Posted on:2012-10-02Degree:Ph.DType:Dissertation
University:University of DelawareCandidate:Burke, Kevin JFull Text:PDF
GTID:1455390008498627Subject:Literature
Abstract/Summary:PDF Full Text Request
This dissertation examines Chaucer's treatment of human agency in the Canterbury Tales within the framework defined by the concept of pilgrimage and in the context of the philosopher Alasdair MacIntyre's notion of a tradition as "an historically extended, socially embedded argument, and an argument precisely in part about the goods which constitute the tradition." The specific problem dealt with is the freedom of the human will as it makes choices that are considered, in the religious terms of pilgrimage, as leading to either salvation or damnation. My method is to examine the Knight's Tale as the paradigmatic deterministic account in the Canterbury Tales and to show how that account is contested, principally by the Wife of Bath, but also by the Clerk and the Second Nun. Key to my study is the analysis of Chaucer's incorporation of ideas and tropes from Boethius' Consolation of Philosophy and the Roman de la Rose.
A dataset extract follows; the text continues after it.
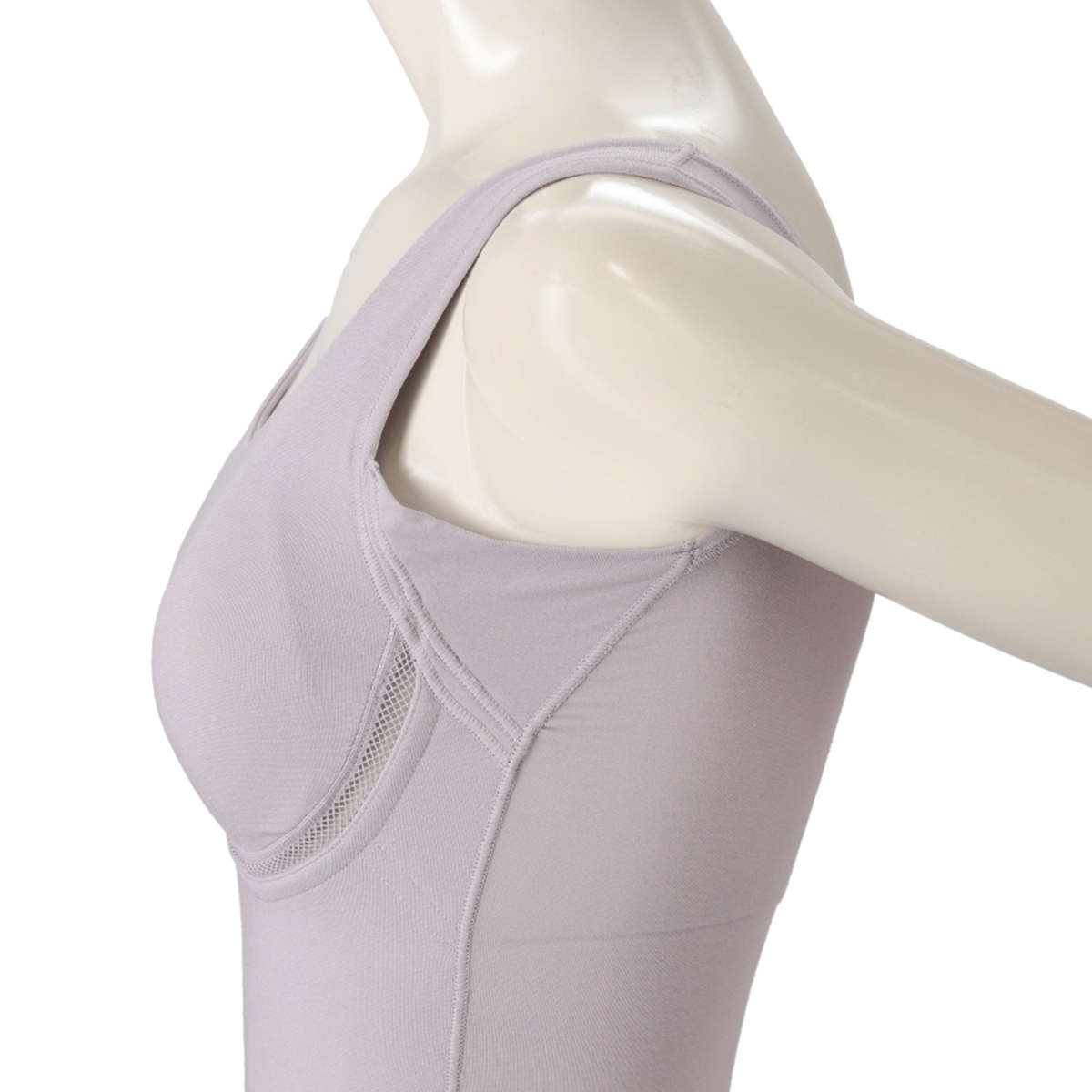 ワイヤー代わりに使用したバストアップメッシュテープがバストをぐるりと包み込みながらショルダー方向に引き上げ、下垂気味のバストをリフトアップ。伸び縮みするメッシュ構造で、幅広いバストサイズに対応します

Chaucer's treatment of the problem of the will is brought into conversation with the treatment of the problem by Thomas Aquinas and Dante. My method and conclusions are meant in part as a corrective to current trends in Chaucer criticism founded on psychoanalytical theory. I attempt to read and understand Chaucer as part of an on-going discussion that includes classical as well as Christian thinkers and poets, and to show that that discussion contains its own standards of integrity and coherence which, while distinct from those associated with postmodern theory, continue to provide a satisfactory account of the problem of determinism and free will.